The ICTCLAS Word Segmentation System is a widely acclaimed word segmentation system developed by Zhang huaping and Liu Qun of the institute of Computing Science and Technology of the Chinese Emy of sciences. What is commendable is that the free version of this version is open source code, we provide valuable learning materials for many beginners.
However, the source code does not have any supporting documentation, which may lead to some obstacles, especially for those who are unfamiliar with C/C ++. I have been using Java/VB as the main development language. I have studied C/C ++ in college, but I have never used it after work, I forgot about the syntax. however, the basics of language are the same. Besides, Java is also formed on the basis of C/C ++, with some similarities. after reading the source code, the main syntax should be correct.

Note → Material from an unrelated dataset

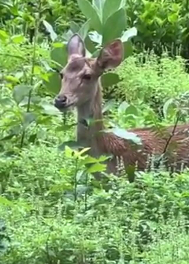 deer standing in tall green vegetation. The deer has a brown coat, large ears, and a dark nose. It looks directly at the camera with a curious expression. The surrounding foliage is lush and green, with a variety of plant types. The background appears to be a forest or wooded area. The video is stable and well-lit, providing a clear view of the deer and its surroundings.

Although the ICTCLAS system does not provide complete documentation, we can refer to some of the documents published by Zhang Huabei and Liu Qun to explore the main ideas.

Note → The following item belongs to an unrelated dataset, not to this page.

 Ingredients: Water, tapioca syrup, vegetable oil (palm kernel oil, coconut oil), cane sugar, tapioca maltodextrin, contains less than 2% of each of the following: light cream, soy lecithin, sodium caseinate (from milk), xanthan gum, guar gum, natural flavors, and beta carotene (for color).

The main idea of this word segmentation system is to first use chmm (stacked Markov Model) for word segmentation. By layering, the accuracy of Word Segmentation is increased and the efficiency of Word Segmentation is ensured. there are five layers, as shown in:
Basic Idea: Perform atomic segmentation first, then perform n-Shortest Path rough segmentation on the basis, find the first n most suitable splitting results, generate a binary word splitting table, and then generate the word splitting result, next, perform part-of-speech tagging and complete the main word segmentation steps.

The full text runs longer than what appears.